Integer Factorization: Dreaded List of Primes
Using a large list of primes with Trial Division algorithm and how to handle the list
Download
Contents
- Background
- Introduction
- First Approach: Plain List of Prime Numbers
- Second Approach: Compress the List of Prime Numbers by Encoding in a Bitfield Array
- Encoding the List of Primes
- Benchmark
- Accelerating IsPrime with the compressed list of primes
- Points of Interest
- Links
- History
Background
This article is part of a set of articles. Each article highlights an aspect around Integer Factorization.
- Integer Factorization: Trial Division Algorithm[^] : focuses on variants of Trial Division algorithm and their respective efficiency.
- Integer Factorization: Dreaded list of primes[^] : focuses on a method to handle a large list of Primes by compression.

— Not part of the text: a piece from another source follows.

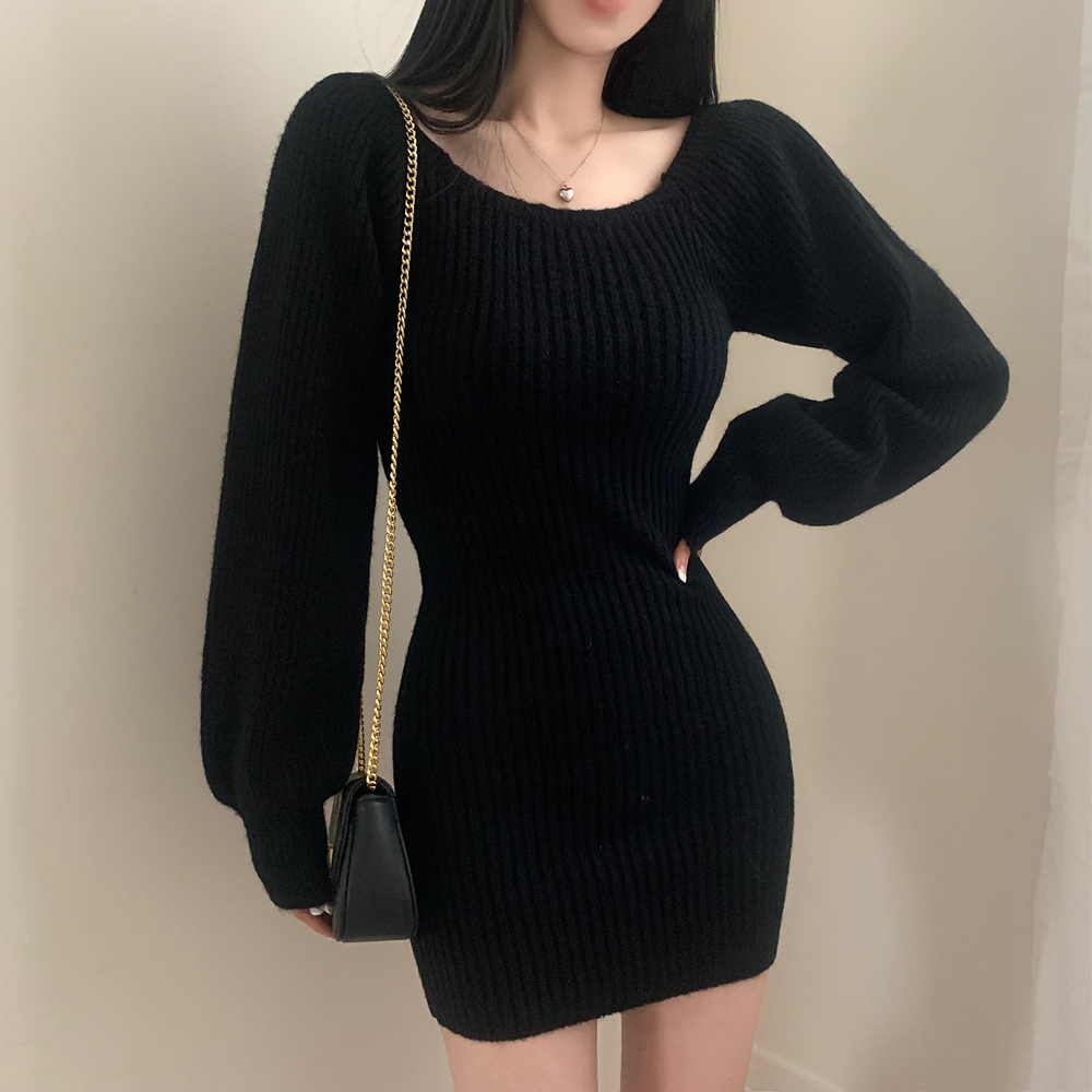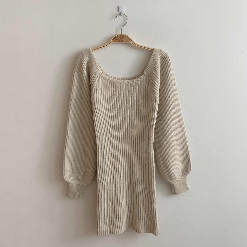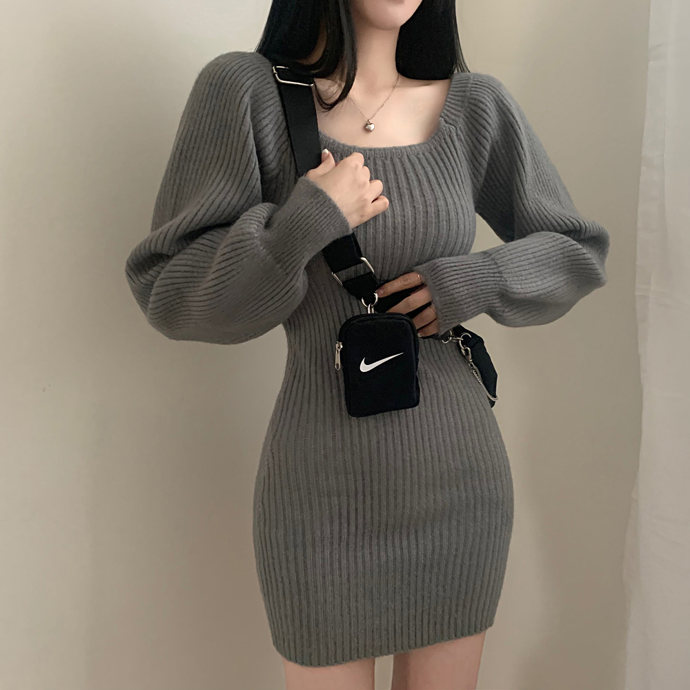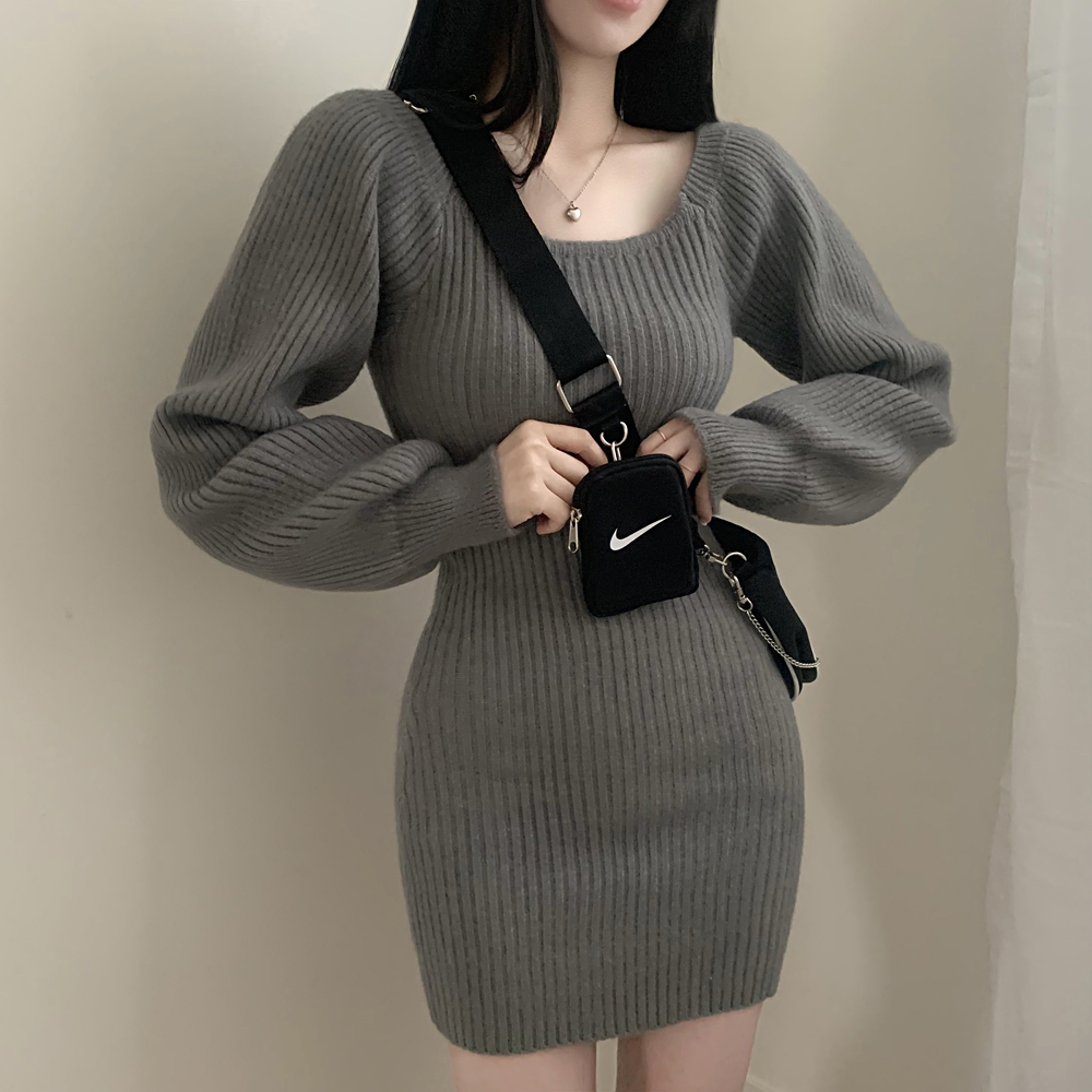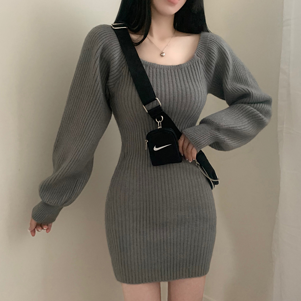 SOP127204 남심저격 스퀘어넥 퍼프 골지 긴팔 미니 원피스

- Integer Factorization: Optimizing Small Factors Checking[^] : focuses on a method to check small factors faster than division.
- Integer factorization: Reversing the Multiplication[^] : focuses on another approach to optimize the Trial Division algorithm.
Introduction
The Trial Division algorithm is about factorizing an integer by checking all possible factors, and all interesting factors are prime numbers. The problem is how to handle a large list of prime numbers.
First Approach: Plain List of Prime Numbers
When using a list of primes, the first approach is to use a simple array of integers containing the prime numbers.
Under 64K, a prime number fits in an int16
(2 bytes), beyond, a prime number rather fits in an int32
(4 bytes).
Figures for a simple list of primes:
Upper limit | Number of primes | Size of array |
65,536 | 6,542 | 13,084 |
100,000 | 9,592 | 38,368 |
500,000 | 41,538 | 166,152 |
1,000,000 | 78,498 | 313,992 |
5,000,000 | 348,513 | 1,394,052 |
10,000,000 | 664,579 | 2,658,316 |
100,000,000 | 5,761,455 | 23,045,820, |
2^32-1 4,294,967,295 | 203,280,221 | 813,120,884 |
As one can see, things get really ugly when the list is huge.
Sample code:
// Trial Division: Square Root + Prime list + Wheel
// Check all numbers until Square Root, start with a list of primes
// and Skip useless factors with a wheel
long long TD_SRPW(long long Cand) {
long long SPrimes[] = { 2, 3, 5, 7, 11, 13, 17, 19, 23, 29, 31, 37, 41, 43,
47, 53, 59, 61, 67, 71, 73, 79, 83, 89, 97, 101, 103, 107, 109, 113,
127, 131, 137, 139, 149, 151, 157, 163, 167, 173, 179, 181, 191,
193, 197, 199, 211, 223, 227, 229, 233, 239, 241, 251, 257, 263,
269, 271, 277, 281, 283, 293, 307, 311, 313, 317, 331, 337, 347,
349, 353, 359, 367, 373, 379, 383, 389, 397, 401, 409, 419, 421,
431, 433, 439, 443, 449, 457, 461, 463, 467, 479, 487, 491, 499,
503, 509, 521, 523, 541, 547, 557, 563, 569, 571, 577, 587, 593,
599, 601, 0 };
long long Wheel[] = { 6, 4, 2, 4, 2, 4, 6, 2, 0 };
long long Div;
Count = 0;
long long Top = sqrt(Cand);
// Check small primes
for (long long Ind = 0; SPrimes[Ind] != 0; Ind++) {
Div = SPrimes[Ind]; // for debug purpose
if (SPrimes[Ind] > Top) {
return Cand;
}
Count++;
if (Cand % SPrimes[Ind] == 0) {
return SPrimes[Ind];
}
}
// Start the Wheel
Div = 601;
while (Div <= Top) {
for (long long Ind = 0; Wheel[Ind] != 0; Ind++) {
if (Div > Top) {
return Cand;
}
Count++;
if (Cand % Div == 0) {
return Div;
}
Div += Wheel[Ind];
}
}
return Cand;
}
TrialDivLP.cpp in TrialDivLP.zip.
Second Approach: Compress the List of Prime Numbers by Encoding in a Bitfield Array
Rather than a list of primes, the principle is to encode if a number is a prime or not, it is boolean information and fits in a single bit.
With this approach, the same optimizations than in the classic variants of Trial Division algorithm can apply and the saving is huge.
Bitfield of All Numbers
Very simple minded, 1 bit per number, or 8 numbers encoded in a byte.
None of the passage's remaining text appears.